[Opening Information given section]
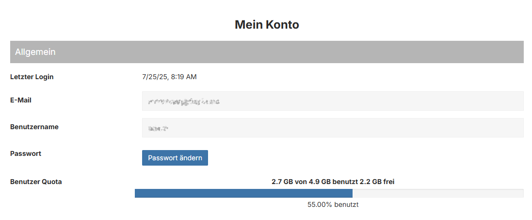 Der Administrator kann die Quota in der Benutzerverwaltung oder in den Benutzer-Reports auslesen.
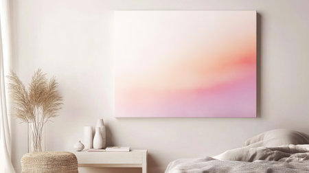 A pristine white canvas adorned with soft watercolor grains in coral and lavender gradients. It adds a tranquil charm to the cozy living space, promoting relaxation and aesthetics.
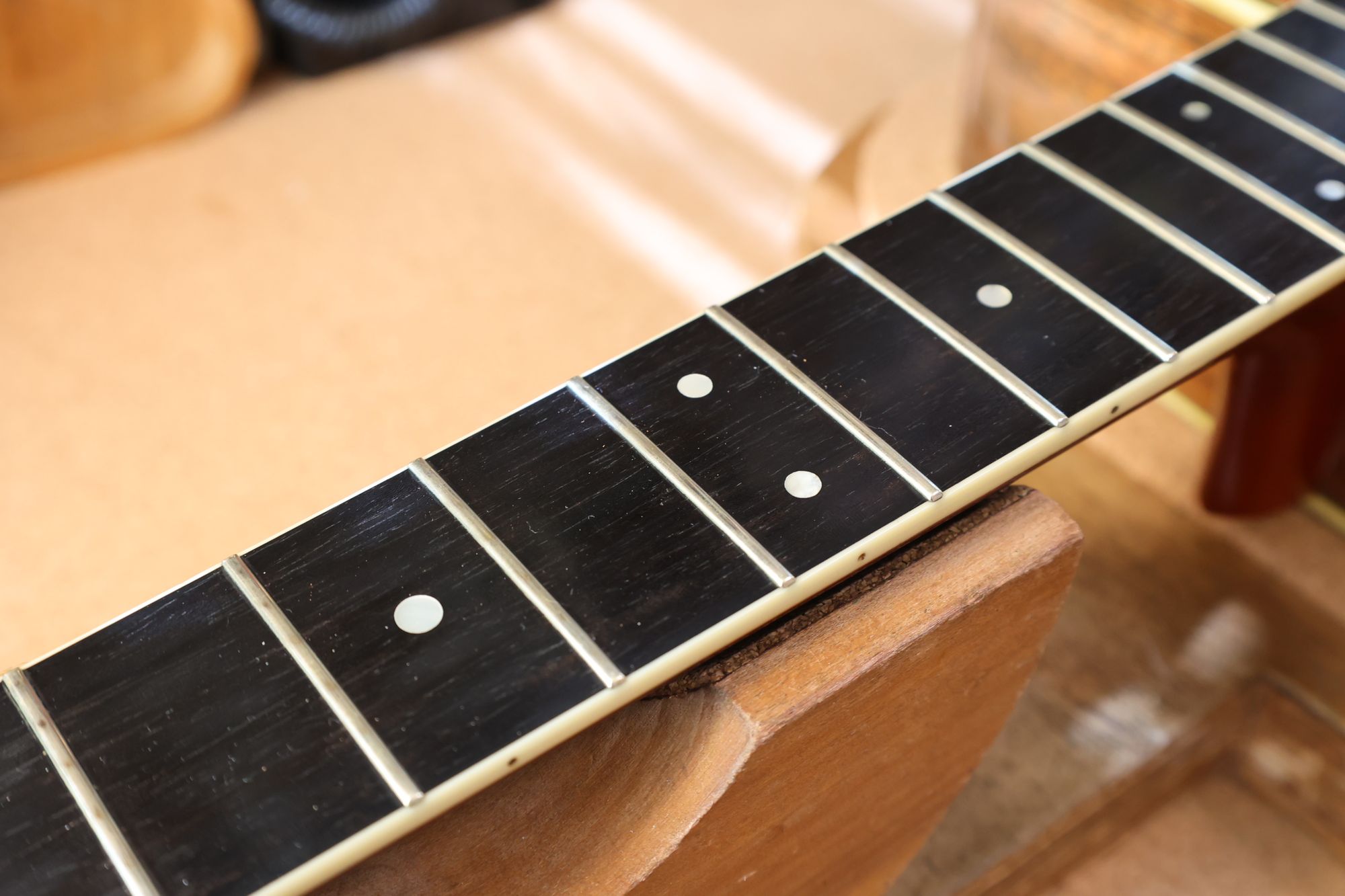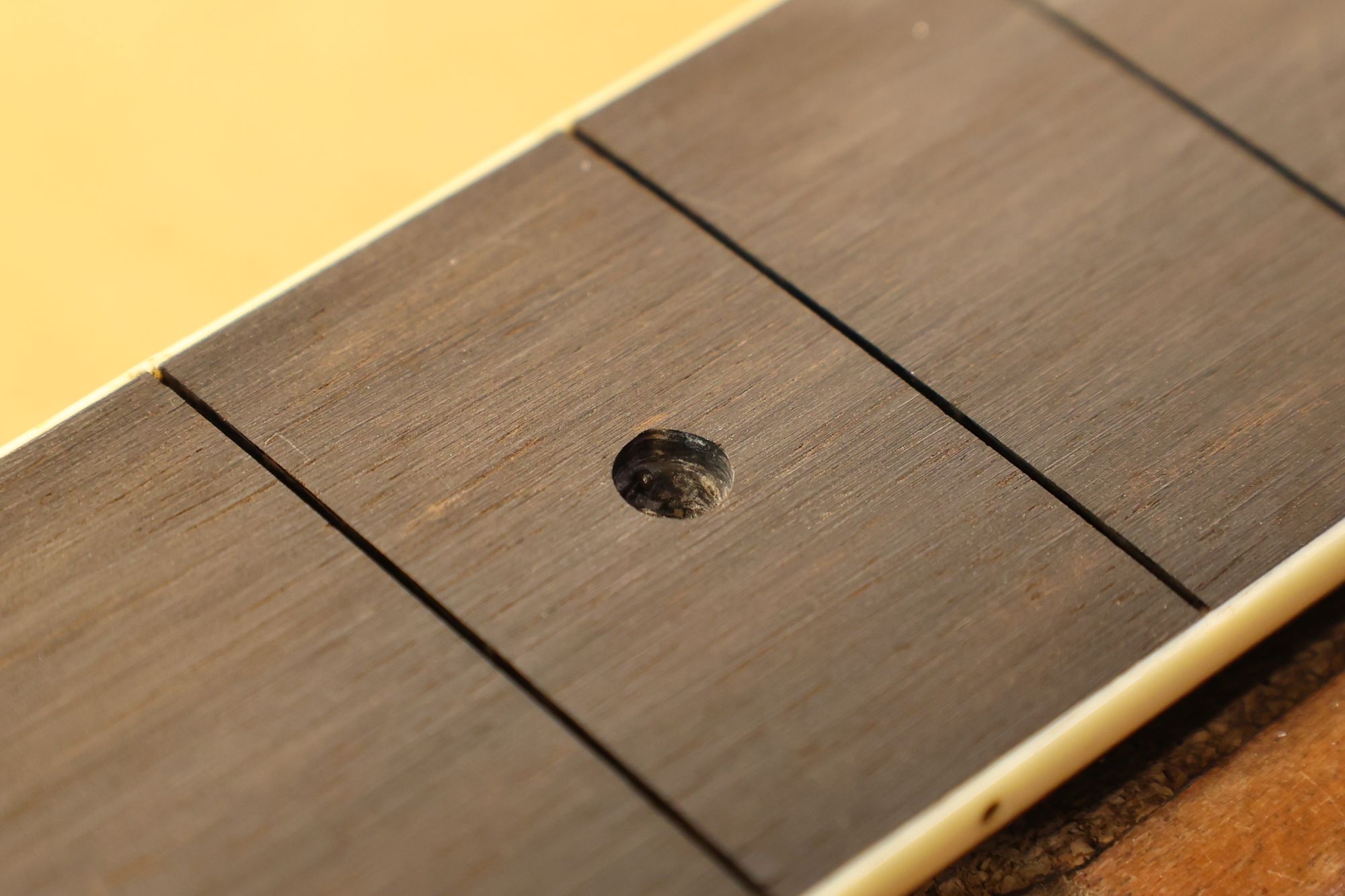 - 2.フレットを抜きました。丸形ポジションマークを六角形のものに入れ替えましょう。
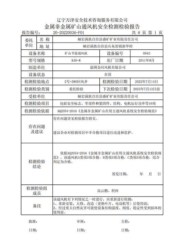 | 受检单位 | 岫岩满族自治县盛矿矿业有限责任公司 | |
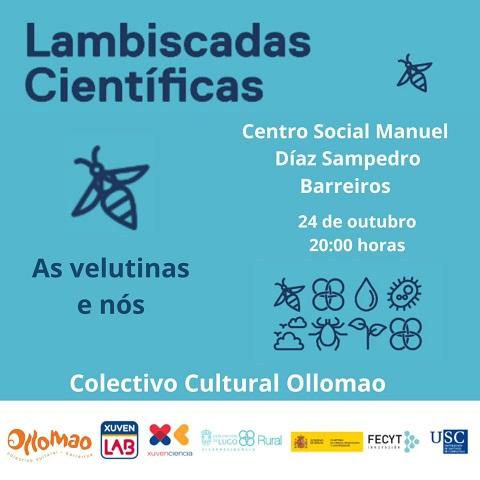 É unha actividade organizada polo Colectivo Cultural Ollomao, de Barreiros, que explica que “As Lambiscadas Científicas son charlas de divulgación científica para público xeral. Teñen unha duración aproximada dunha hora ou hora e media e realízanse a través de asociacións e colectivos locais. Están impulsadas por XuvenLab, en colaboración coa Área de Medio Rural, do Mar e Mocidade da Deputación Provincial de Lugo, dentro do proxecto Ciencia á Feira financiado pola FECYT. Trátase dun proxecto interxeracional, comunitario e itinerante, que leva o coñecemento científico a lugares onde habitualmente non chega, e sempre en diálogo coas realidades locais. E no noso caso escollemos unha problemática que está a orde do día nos últimos anos, afectando a particulares e apicultores de maneira reiterada. Que facer se nos atopamos cunha velutina? Como recoñecer a avespa velutina, que riscos ten e como actuar ante a súa presenza. Analízanse distintos métodos de xestión”.
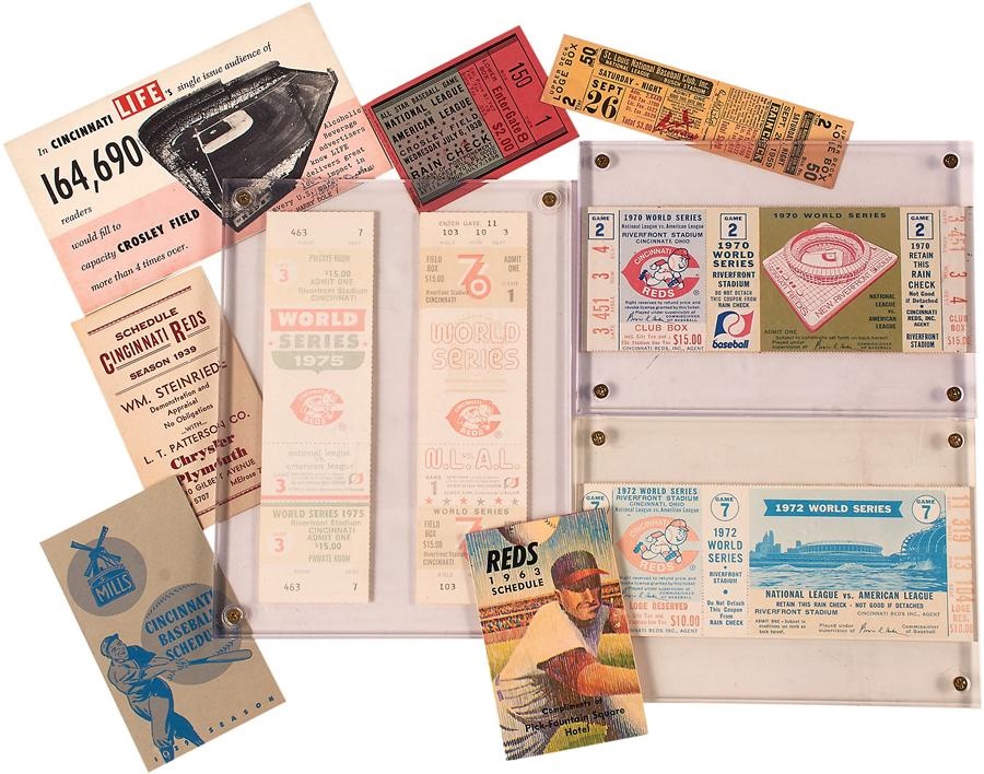 A cool group of stuff. TICKETS: 1) 1938 All Star stub at Cincy, EX+. 2-5) Unused World Series tickets (includes 1970 Game 2, 1972 Game 7, 1975 Game 3 and 1976). Colors are faded, otherwise NM. SCHEDULES: 6-8) All are Cincinnati Reds: two different 1939 (championship), and 1963 (Rose rookie), NRMT. 9) September 26, 1959, Sam Jones unused shortened no-hitter game ticket with Mays & McCovey home runs, NRMT. BLOTTER: 10) Perhaps best of all is a 1960s Crosley Field blotter advertising LIFE Magazine; NRMT and never before seen.
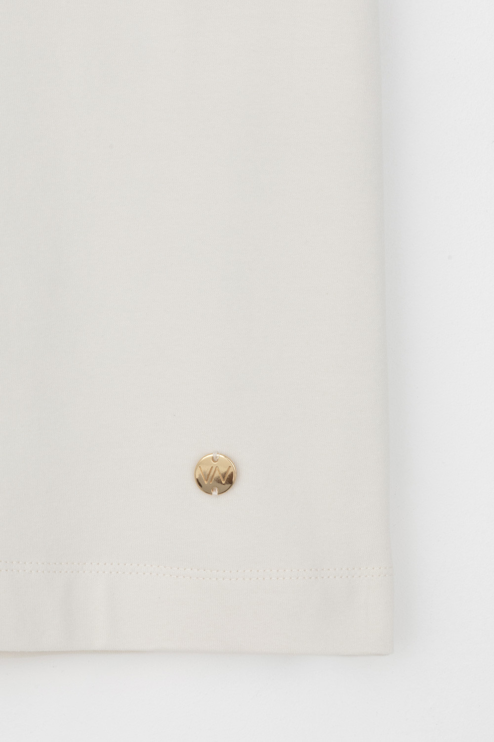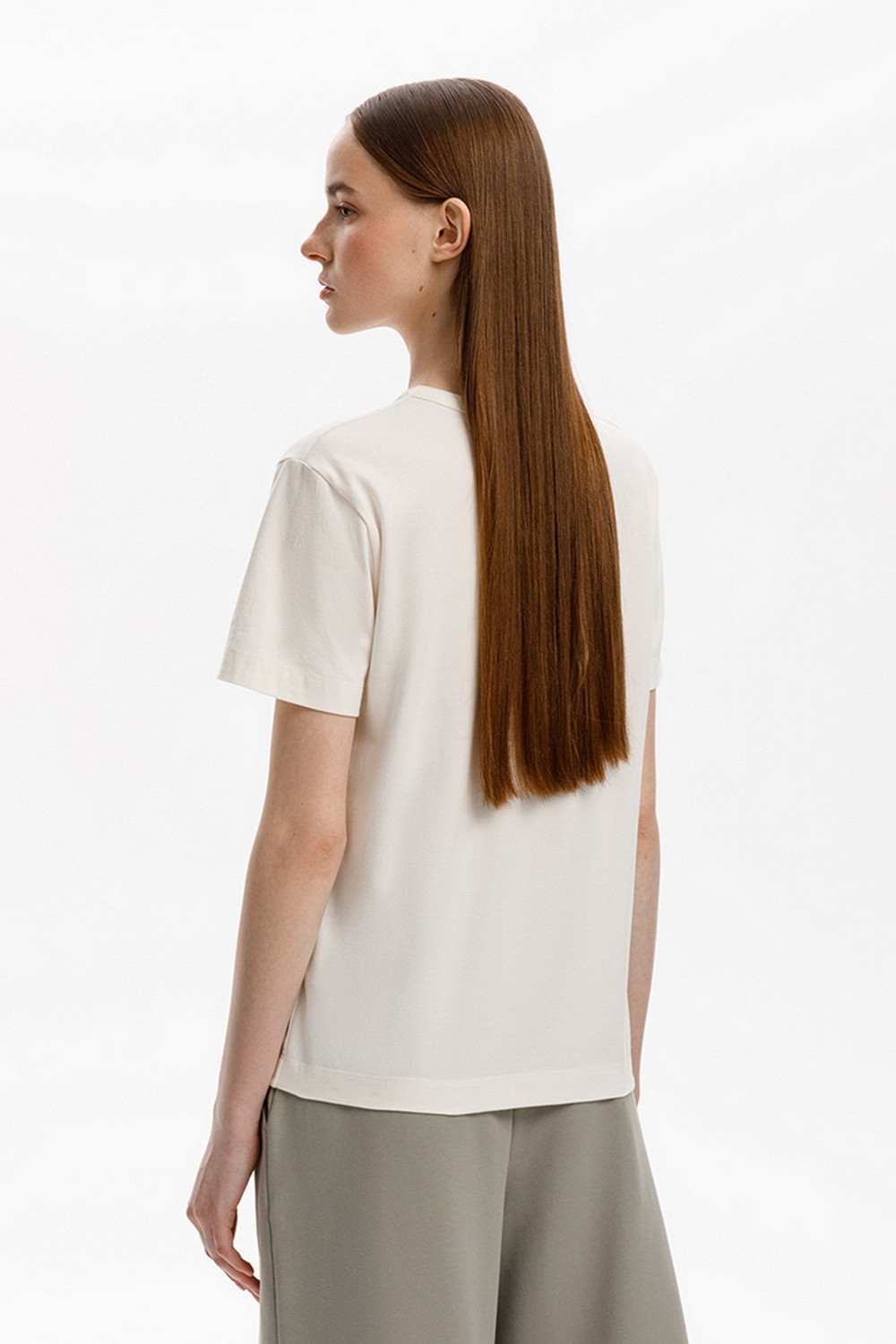 Футболка прямого силуэта из высококачественного гребенного хлопка с добавлением эластана. Мягкий на ощупь принт выполнен из водных красок, что обеспечивает устойчивость к многократным стиркам.
[Closing Information given section]
__About this task__
Nothing outside the stretch above, from the line with "A pristine white" through the line with "É unha actividade", is set down. Transcribe that stretch exactly, ends included, but not its pictures.

__Output__
 A pristine white canvas adorned with soft watercolor grains in coral and lavender gradients. It adds a tranquil charm to the cozy living space, promoting relaxation and aesthetics.
 - 2.フレットを抜きました。丸形ポジションマークを六角形のものに入れ替えましょう。
 | 受检单位 | 岫岩满族自治县盛矿矿业有限责任公司 | |
 É unha actividade organizada polo Colectivo Cultural Ollomao, de Barreiros, que explica que “As Lambiscadas Científicas son charlas de divulgación científica para público xeral. Teñen unha duración aproximada dunha hora ou hora e media e realízanse a través de asociacións e colectivos locais. Están impulsadas por XuvenLab, en colaboración coa Área de Medio Rural, do Mar e Mocidade da Deputación Provincial de Lugo, dentro do proxecto Ciencia á Feira financiado pola FECYT. Trátase dun proxecto interxeracional, comunitario e itinerante, que leva o coñecemento científico a lugares onde habitualmente non chega, e sempre en diálogo coas realidades locais. E no noso caso escollemos unha problemática que está a orde do día nos últimos anos, afectando a particulares e apicultores de maneira reiterada. Que facer se nos atopamos cunha velutina? Como recoñecer a avespa velutina, que riscos ten e como actuar ante a súa presenza. Analízanse distintos métodos de xestión”.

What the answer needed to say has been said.